##### PROVIDED DATA #####
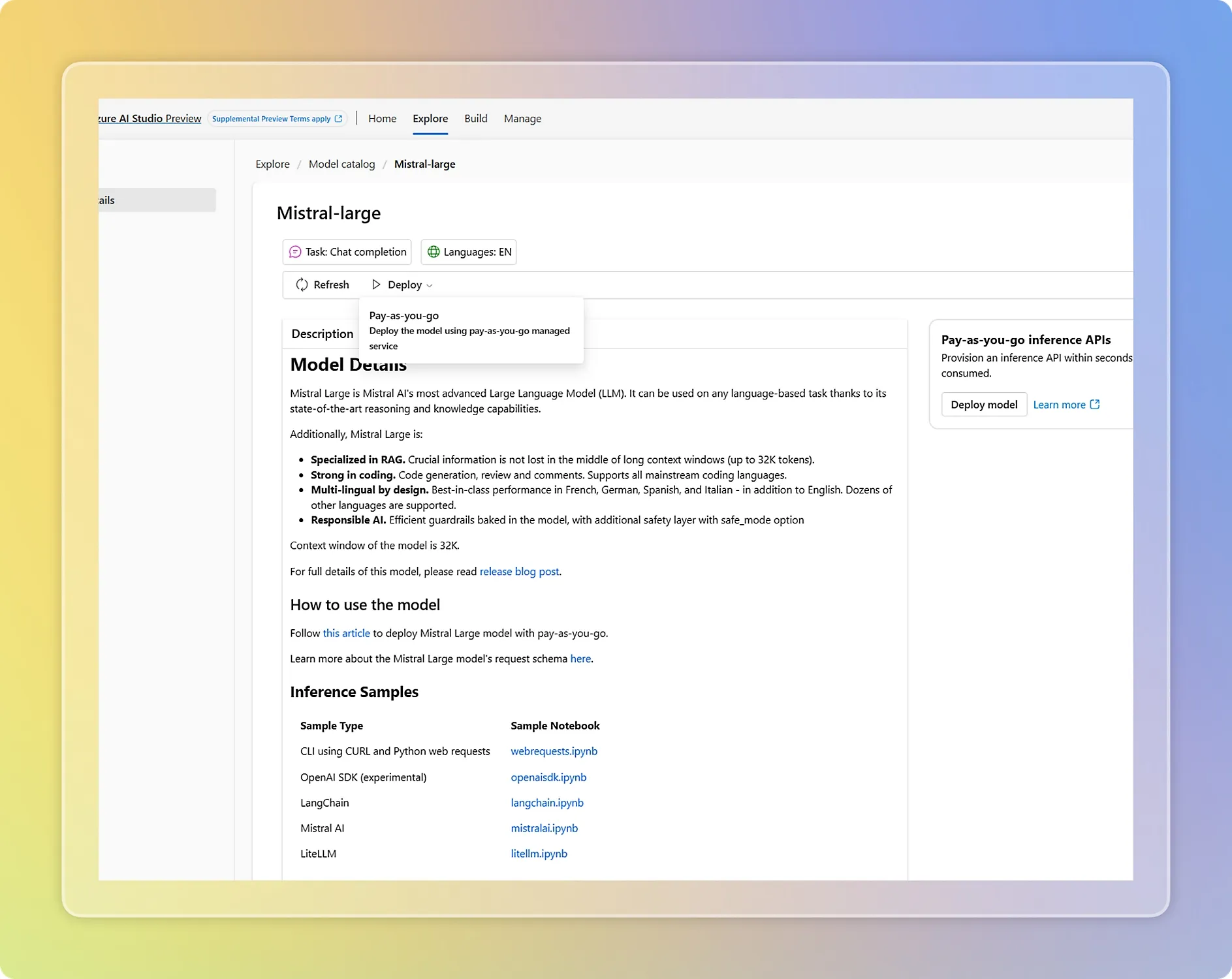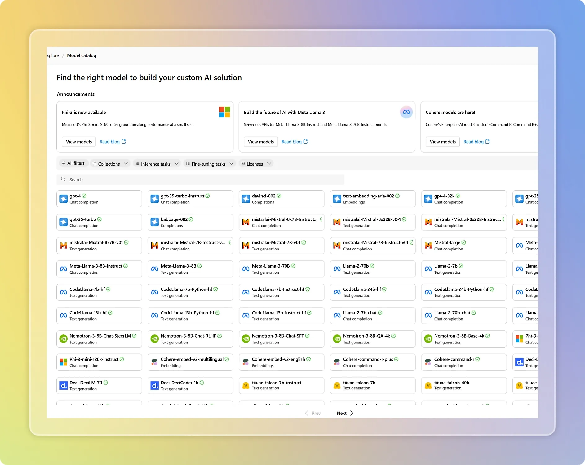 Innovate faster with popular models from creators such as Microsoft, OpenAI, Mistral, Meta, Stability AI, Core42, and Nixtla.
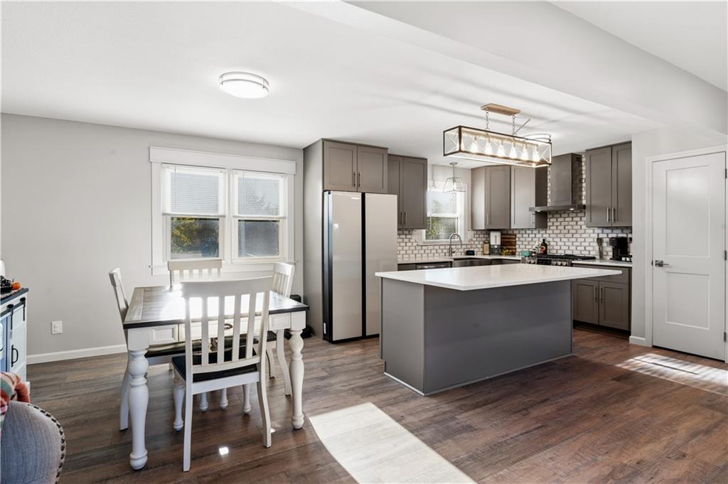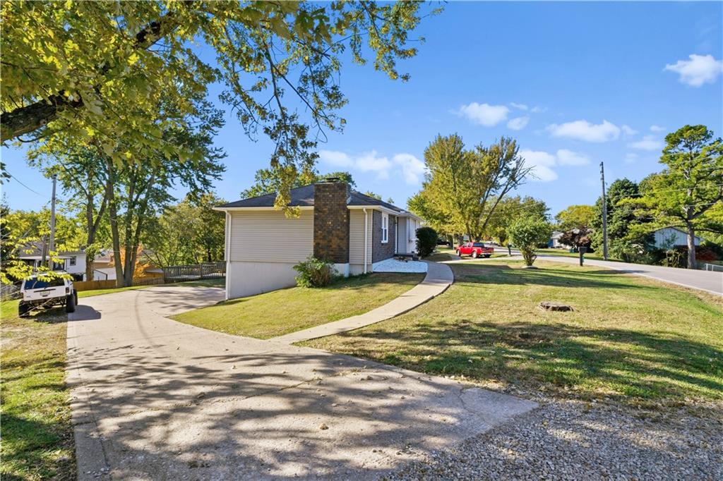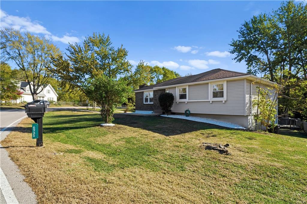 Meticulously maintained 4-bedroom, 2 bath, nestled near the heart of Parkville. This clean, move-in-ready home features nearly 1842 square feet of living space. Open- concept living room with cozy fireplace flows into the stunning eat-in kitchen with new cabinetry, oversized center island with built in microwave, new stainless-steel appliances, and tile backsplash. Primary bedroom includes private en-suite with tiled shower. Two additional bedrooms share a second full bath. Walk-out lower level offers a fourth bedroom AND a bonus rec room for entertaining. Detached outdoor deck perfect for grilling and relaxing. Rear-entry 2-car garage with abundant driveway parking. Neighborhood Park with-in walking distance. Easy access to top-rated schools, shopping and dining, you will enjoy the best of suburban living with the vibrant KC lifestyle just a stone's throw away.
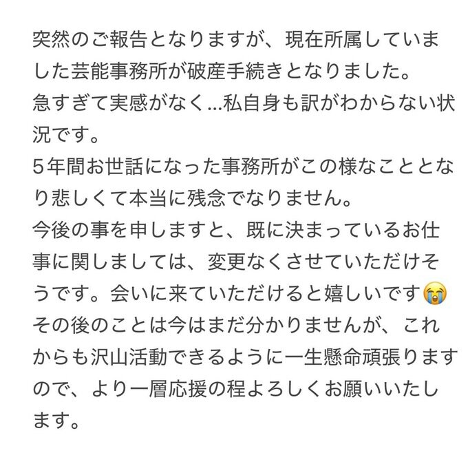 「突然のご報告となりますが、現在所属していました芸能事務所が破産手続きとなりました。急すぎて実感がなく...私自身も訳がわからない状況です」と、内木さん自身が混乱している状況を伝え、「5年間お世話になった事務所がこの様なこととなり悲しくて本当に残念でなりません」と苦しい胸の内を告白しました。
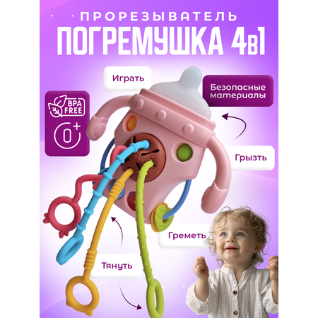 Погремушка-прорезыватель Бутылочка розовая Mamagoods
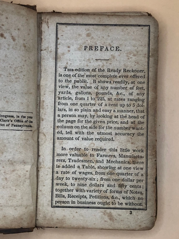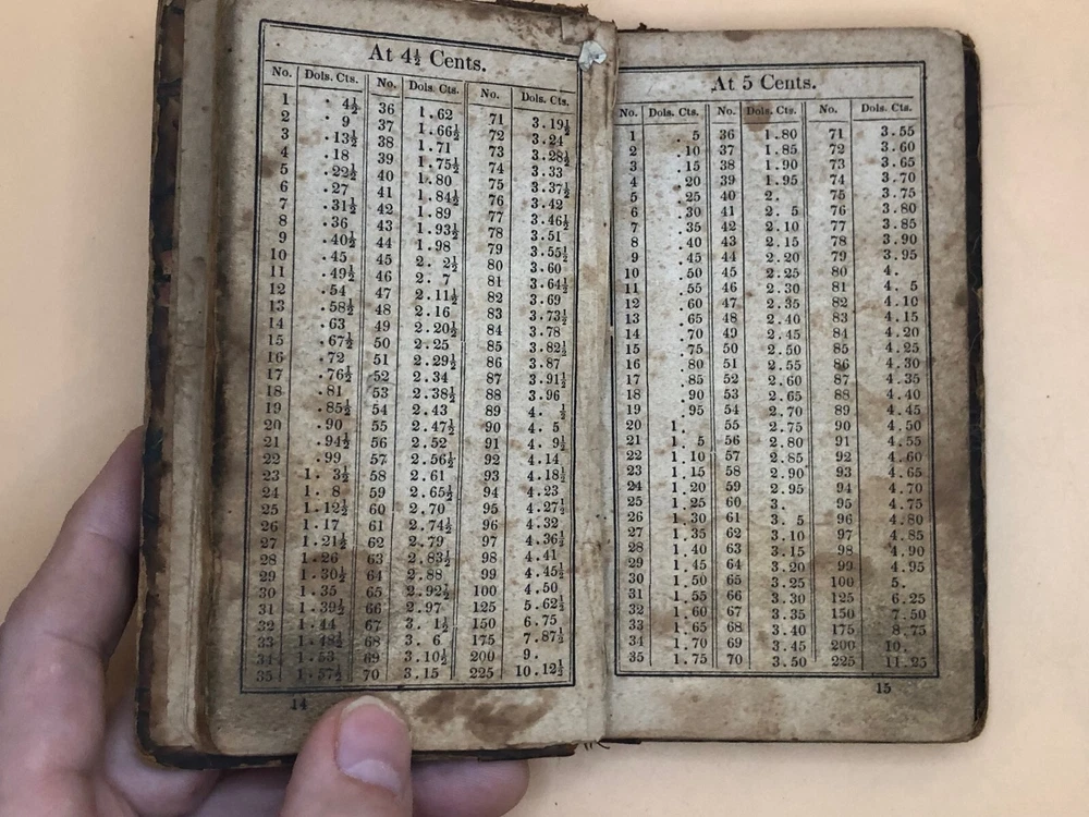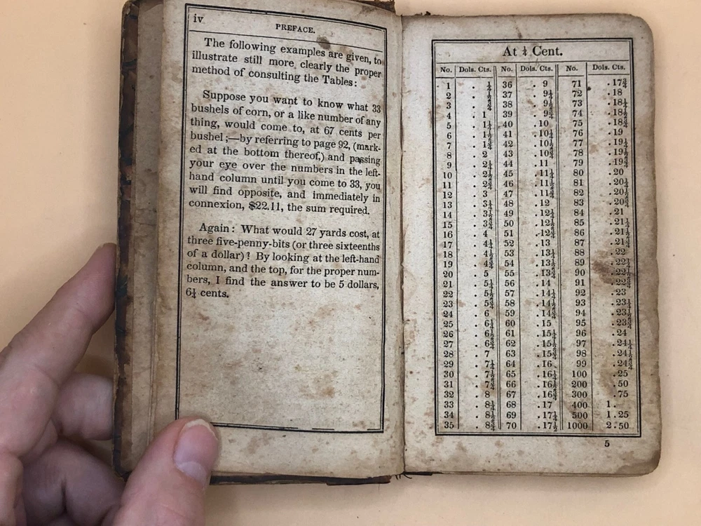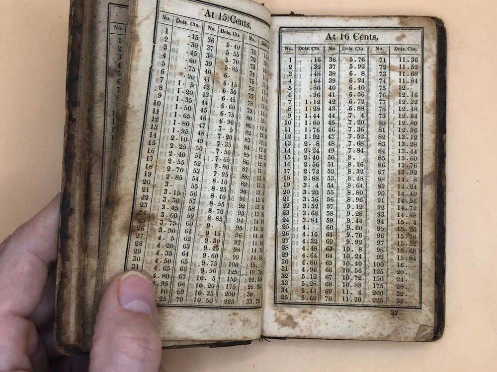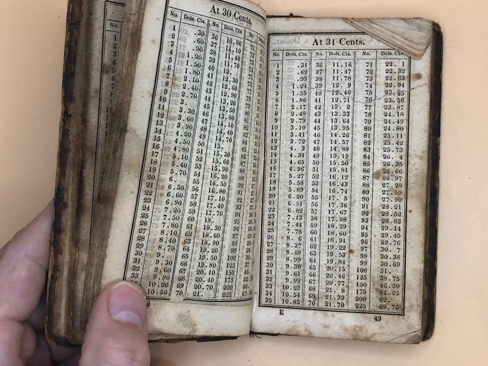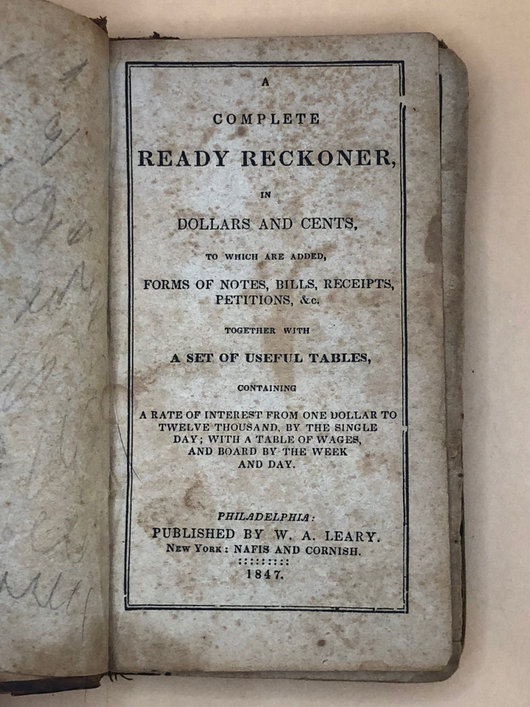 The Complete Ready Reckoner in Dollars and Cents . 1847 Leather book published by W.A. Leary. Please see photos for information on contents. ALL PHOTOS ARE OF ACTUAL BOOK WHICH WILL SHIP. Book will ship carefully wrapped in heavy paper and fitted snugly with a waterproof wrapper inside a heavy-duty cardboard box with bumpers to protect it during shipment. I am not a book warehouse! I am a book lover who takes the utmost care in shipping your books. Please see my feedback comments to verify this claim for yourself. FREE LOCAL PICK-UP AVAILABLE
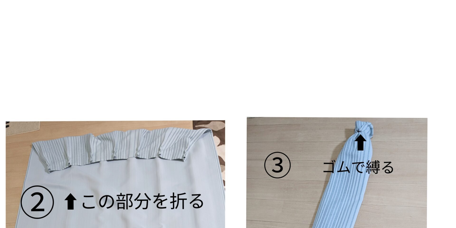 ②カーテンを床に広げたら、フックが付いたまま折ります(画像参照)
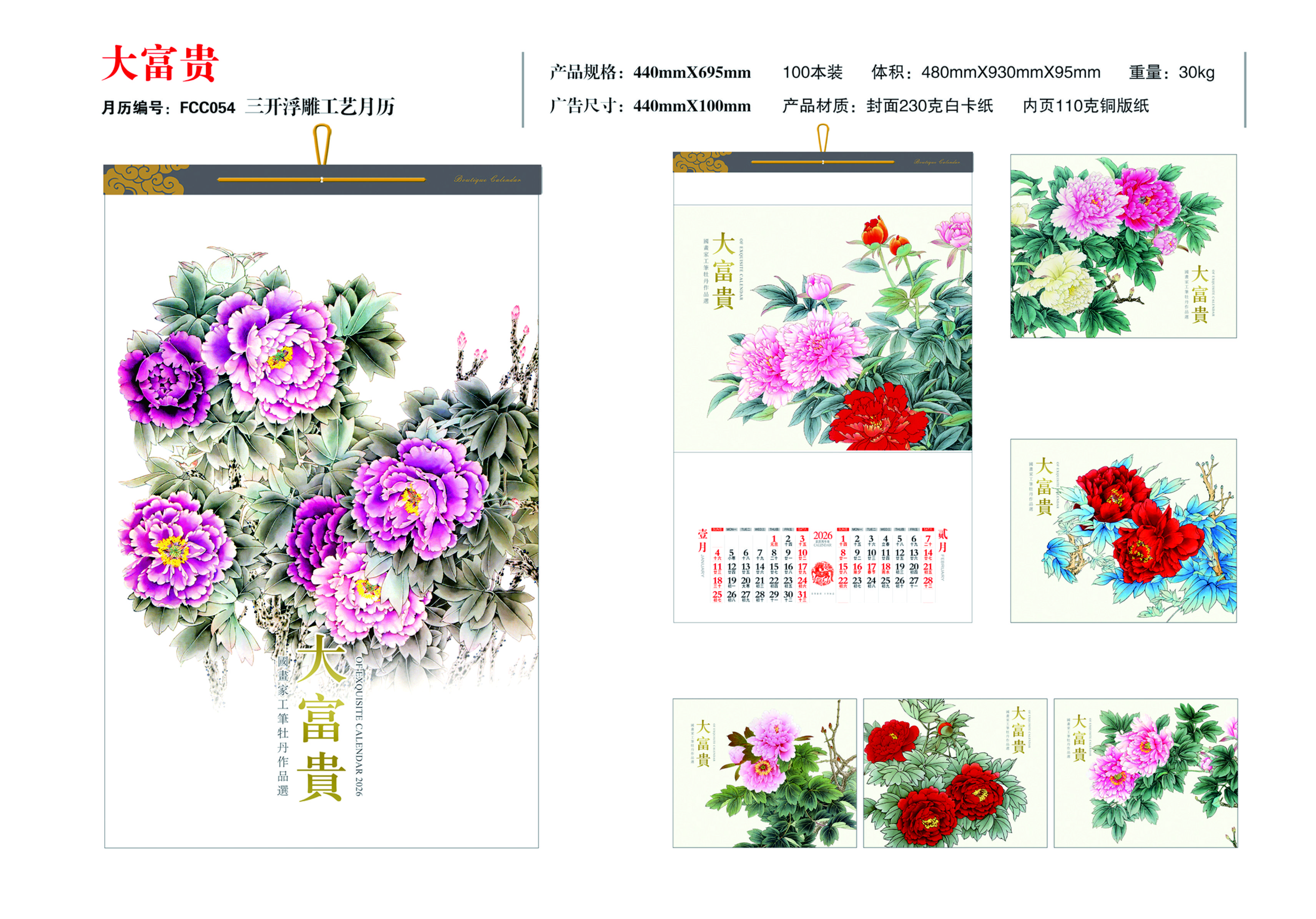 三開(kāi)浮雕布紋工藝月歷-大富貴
#####
EXERCISE DETAILS - Please repeat each line above exactly as it appears, but omit the pictures.

WRITTEN ANSWER -
 Innovate faster with popular models from creators such as Microsoft, OpenAI, Mistral, Meta, Stability AI, Core42, and Nixtla.
 Meticulously maintained 4-bedroom, 2 bath, nestled near the heart of Parkville. This clean, move-in-ready home features nearly 1842 square feet of living space. Open- concept living room with cozy fireplace flows into the stunning eat-in kitchen with new cabinetry, oversized center island with built in microwave, new stainless-steel appliances, and tile backsplash. Primary bedroom includes private en-suite with tiled shower. Two additional bedrooms share a second full bath. Walk-out lower level offers a fourth bedroom AND a bonus rec room for entertaining. Detached outdoor deck perfect for grilling and relaxing. Rear-entry 2-car garage with abundant driveway parking. Neighborhood Park with-in walking distance. Easy access to top-rated schools, shopping and dining, you will enjoy the best of suburban living with the vibrant KC lifestyle just a stone's throw away.
 「突然のご報告となりますが、現在所属していました芸能事務所が破産手続きとなりました。急すぎて実感がなく...私自身も訳がわからない状況です」と、内木さん自身が混乱している状況を伝え、「5年間お世話になった事務所がこの様なこととなり悲しくて本当に残念でなりません」と苦しい胸の内を告白しました。
 Погремушка-прорезыватель Бутылочка розовая Mamagoods
 The Complete Ready Reckoner in Dollars and Cents . 1847 Leather book published by W.A. Leary. Please see photos for information on contents. ALL PHOTOS ARE OF ACTUAL BOOK WHICH WILL SHIP. Book will ship carefully wrapped in heavy paper and fitted snugly with a waterproof wrapper inside a heavy-duty cardboard box with bumpers to protect it during shipment. I am not a book warehouse! I am a book lover who takes the utmost care in shipping your books. Please see my feedback comments to verify this claim for yourself. FREE LOCAL PICK-UP AVAILABLE
 ②カーテンを床に広げたら、フックが付いたまま折ります(画像参照)
 三開(kāi)浮雕布紋工藝月歷-大富貴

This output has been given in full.